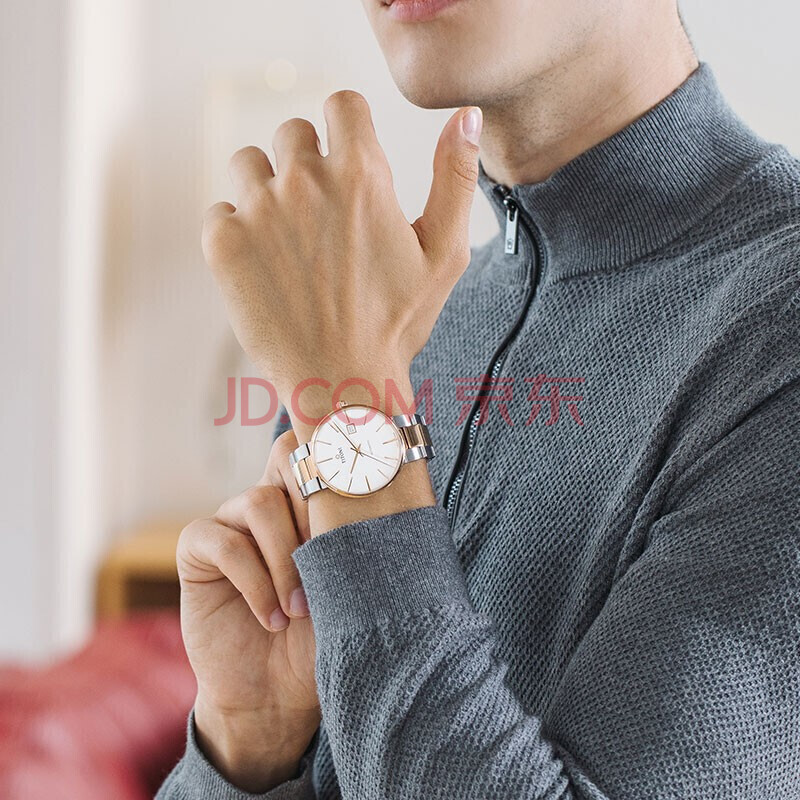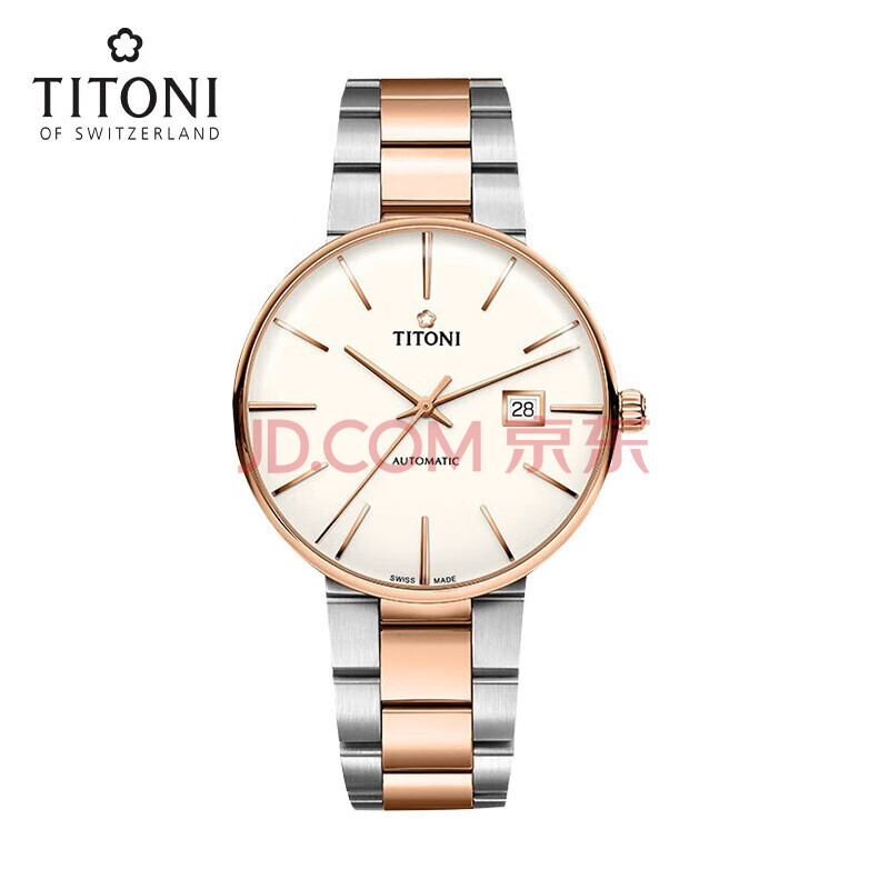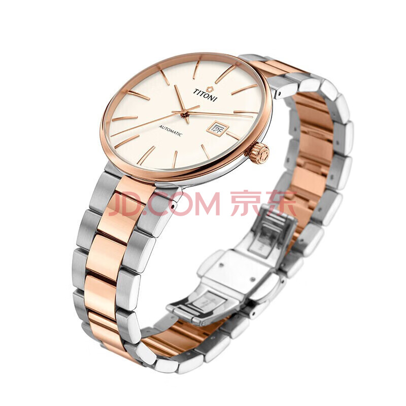 商品相册:梅花(Titoni)瑞士手表 空中霸王系列机械间金钢带男士腕表83627-SRG-606礼物第
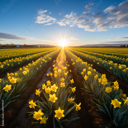 Vibrant Yellow Daffodils Blooming in Rows Under a Clear Blue Sky, Bathed in Setting Sunlight
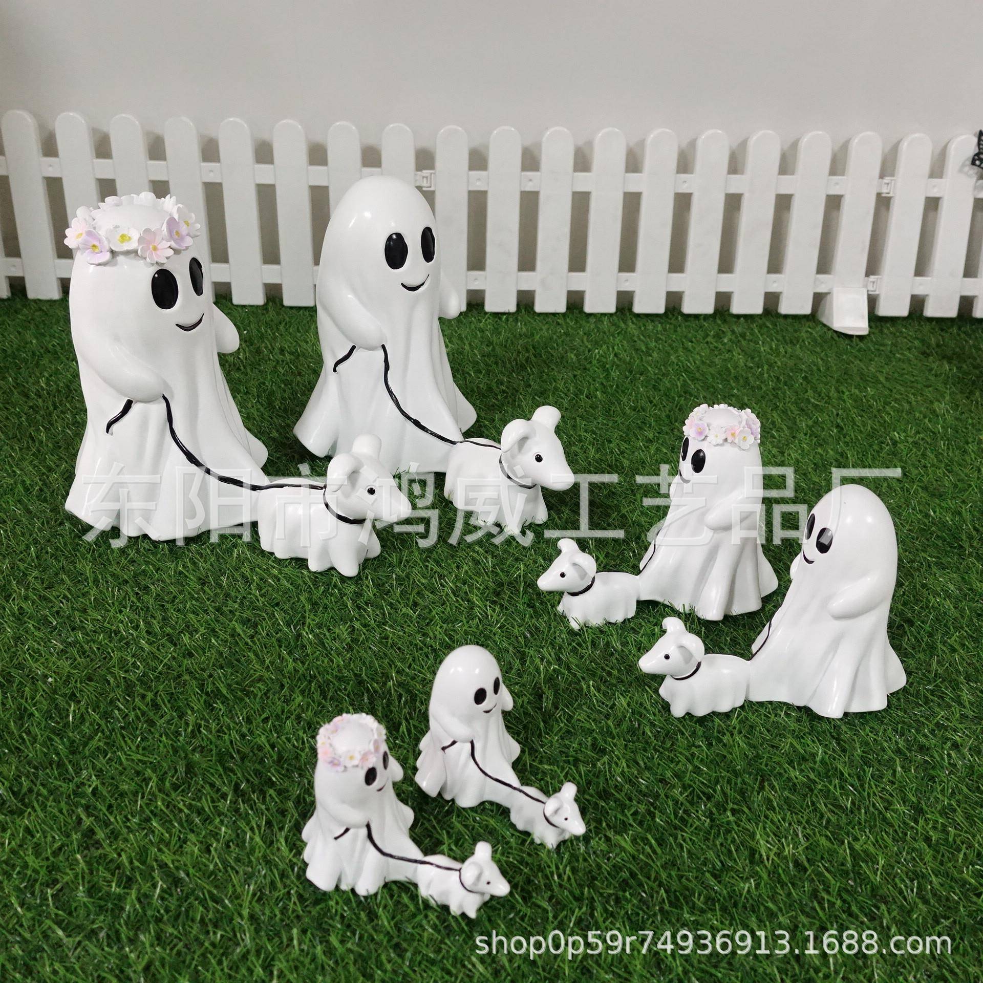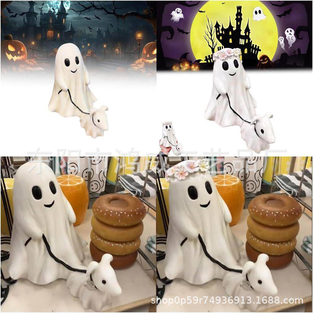 万圣节创意遛狗摆件万圣节创意书桌装饰,可爱小幽灵遛狗装饰摆件

* [Exercise directions] An exact reproduction of the data is required, with pictures excluded.

* [Output of the exercise]
 商品相册:梅花(Titoni)瑞士手表 空中霸王系列机械间金钢带男士腕表83627-SRG-606礼物第
 Vibrant Yellow Daffodils Blooming in Rows Under a Clear Blue Sky, Bathed in Setting Sunlight
 万圣节创意遛狗摆件万圣节创意书桌装饰,可爱小幽灵遛狗装饰摆件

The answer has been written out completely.